▶ WHAT TO WORK ON:
Stop at the line that contains "しかし、木材の規格化と機械加". Until then, set down each line of the records exactly, beginning with the first, and skip pictures.

▶ DATA IN THIS EXERCISE:
......

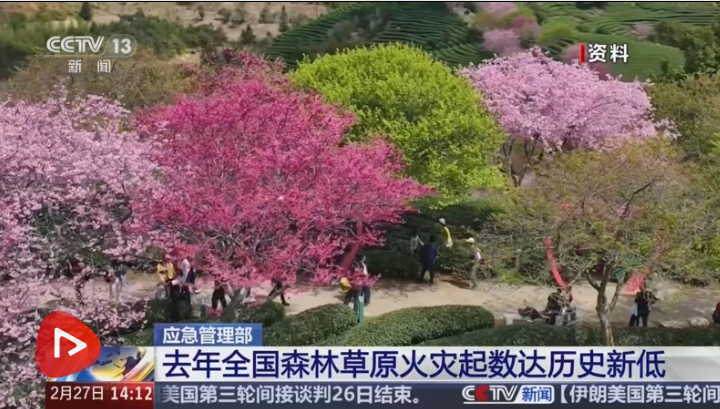 [央视]新闻直播间|应急管理部 去年全国森林草原火灾起数达历史新低 2026-02-28 08:49 -
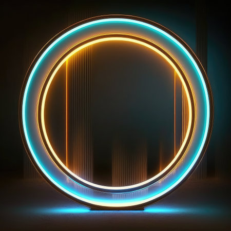 Vibrant and colorful glowing neon light circles create a captivating abstract scene on a dark surface, perfect for artistic and creative projects.
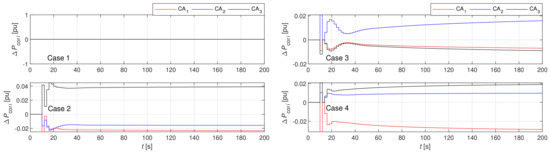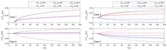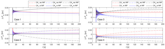The signs of and are opposite in Cases 2–4, as shown in Figure 12 and Figure 13, and a 2 s time delay is seen in due to INP, particularly at the beginning of the transients. Due to the oscillations in , the sign change in is obvious. Consequently, also changes sign, or can even be zero, as seen in Cases 2 and 3. Therefore, these fast changing compensations are not desirable, since they increase variations of at the beginning of the transients, as shown in Figure 8. Note, in Case 1, INP compensation was not possible.
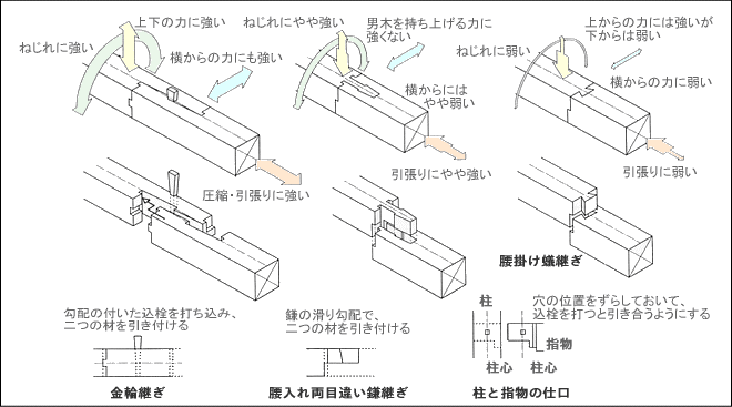 しかし、木材の規格化と機械加工では長い材料を使うことができない場合もあります。そのような場合にはこれらの継手を力のかかる所に使い分けることが大切です。
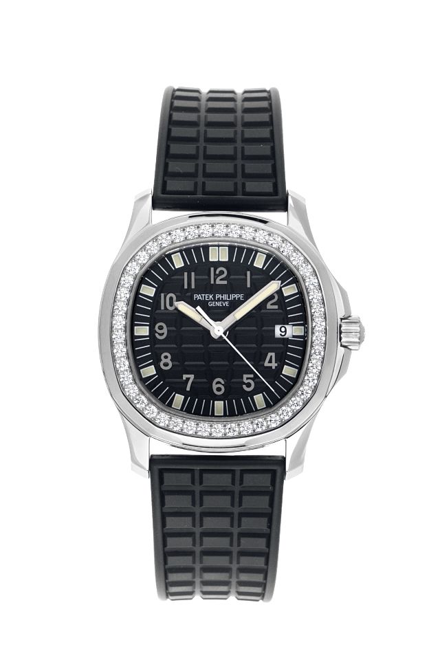 Patek Philippe Aquanaut Stahl Diamanten Quarz Armband Kautschuk Faltschließe Gehäuse Edelstahl poliert und satiniert, Gehäusedurchmesser ohne Krone 34mm, Gehäusehöhe 8mm. Lünette Edelstahl poliert mit 46 Brillanten besetzt, zusammen ca. 1,00ct. Patek Philippe Tropical Armband Kautschuk schwarz, verdeckte Doppelfaltschließe Edelstahl mit Hersteller-Logo. Zifferblatt schwarz mit Aquanaut-Motiv, aufgestzten arabischen Ziffern und hellen Indexen sowie polierten Zeigern. Uhrwerk quarzgesteuert, Patek Philippe Manufakturkaliber E23 SC AIG. 2 mit 7 Edelsteinen, Werknummer: 3658XXX. Anzeige von Stunde, Minute und Sekunde über Zeiger aus der Mitte, Datumsanzeige mit Schnellverstellung bei 3 Uhr. Saphirglas kratzfest. Krone verschraubbar mit Flankenschutz und Hersteller-Logo. Boden Edelstahl verschraubt. Gewicht der Uhr inklusive Armband 57g, Länge des Armbandes inklusive Gehäuse 170mm. Referenznummer: 5067A-001, Gehäusenummer: 4860XXX, ID: KB870000622H-65000, Artikelnummer: 10000064993. Mit Gangkontrolle, neuer Batterie und kompletter äußerlicher Aufarbeitung von Juni 2022, inkl. 1000 Tagen Garantie. Original Patek Philippe Box mit Umkarton und Garantie Papiere von 11/2009 sowie Beschreibung und Ledermappe, Full Set. Kapitalanlage mit Wertsteigerungspotential, seltenes Sammlerstück, fast nicht getragen, aus erster Hand. Wie Neu. Lieferzeit sofort.
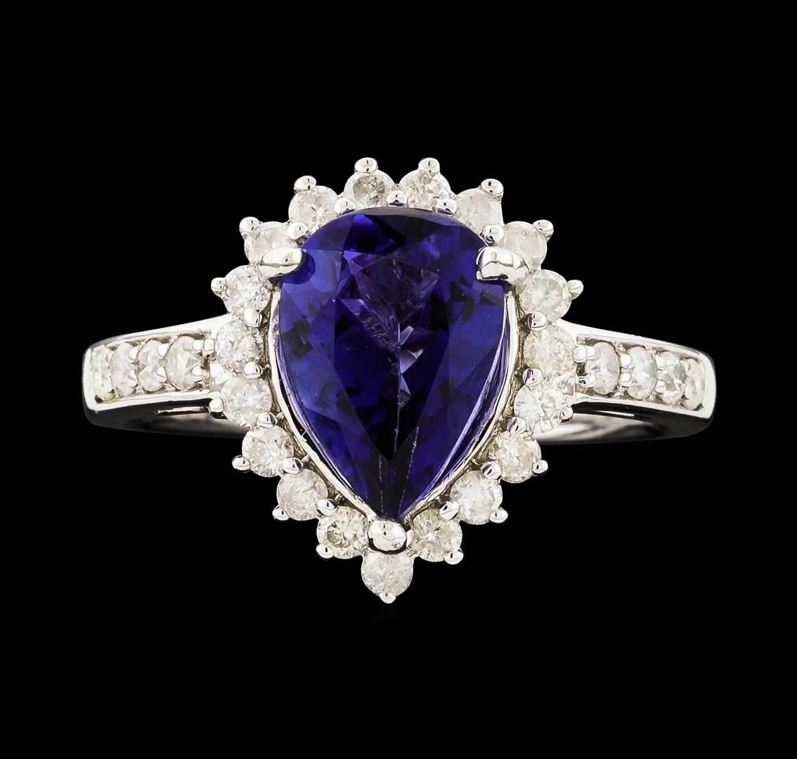 One electronically tested 14KT white gold ladies cast tanzanite & diamond ring with a bright finish. The featured tanzanite is set within a diamond bezel, supported by a ribbed under gallery, and an elaborate lattice, and diamond set shoulders, completed by a two millimeter wide band. Trademark is Orianne. Identified with markings of "14K". Condition is new, good workmanship. Containing: One prong set pear brilliant cut natural tanzanite, measuring 10.20 x 7.00 x 4.70mm, stated weight of 2.25ct., clarity is eye clean, type I, dark, moderately strong, blue color, (GIA B 7/4), cut is good. Natural Tanzanite, color enhanced due to cobalt coating. The presence of the coating prevents determining the stone's actual depth of color. Transmitting light with no distortion, transparent. Grading in the setting. The cobalt coated Tanzanite has a low tolerance to ultrasonic cleaning, and should not be cleaned using this method. Tanzanite is a very rare gemstone that is only found in the country of Tanzania. Originally discovered in 1967. Tiffany & Company, named the stone Tanzanite. It is found in the Usumburu Mountains that border the Umba Valley of northern Tanzania. Tanzanite occurs in gray, brown, violet, blue, reddish-purple, & green. The gem is interesting because of its exceptional pleochroism. Rotated in different directions a tanzanite will exhibit multiple changes of color. Twenty-Seven prong set round brilliant cut diamonds (depth est.) approximate total weight of 27 Stones = 0.54ct. Graded in the setting. Clarity: I-1 to I-3. Color: F - H. Total Weight of Colored Stones 2.25ct. Total Weight of Diamonds 0.54ct. Total Weight of Ring 3.72gm. AIG Appraised.

......

▶ ANSWER SPACE:
 [央视]新闻直播间|应急管理部 去年全国森林草原火灾起数达历史新低 2026-02-28 08:49 -
 Vibrant and colorful glowing neon light circles create a captivating abstract scene on a dark surface, perfect for artistic and creative projects.
The signs of and are opposite in Cases 2–4, as shown in Figure 12 and Figure 13, and a 2 s time delay is seen in due to INP, particularly at the beginning of the transients. Due to the oscillations in , the sign change in is obvious. Consequently, also changes sign, or can even be zero, as seen in Cases 2 and 3. Therefore, these fast changing compensations are not desirable, since they increase variations of at the beginning of the transients, as shown in Figure 8. Note, in Case 1, INP compensation was not possible.
 しかし、木材の規格化と機械加工では長い材料を使うことができない場合もあります。そのような場合にはこれらの継手を力のかかる所に使い分けることが大切です。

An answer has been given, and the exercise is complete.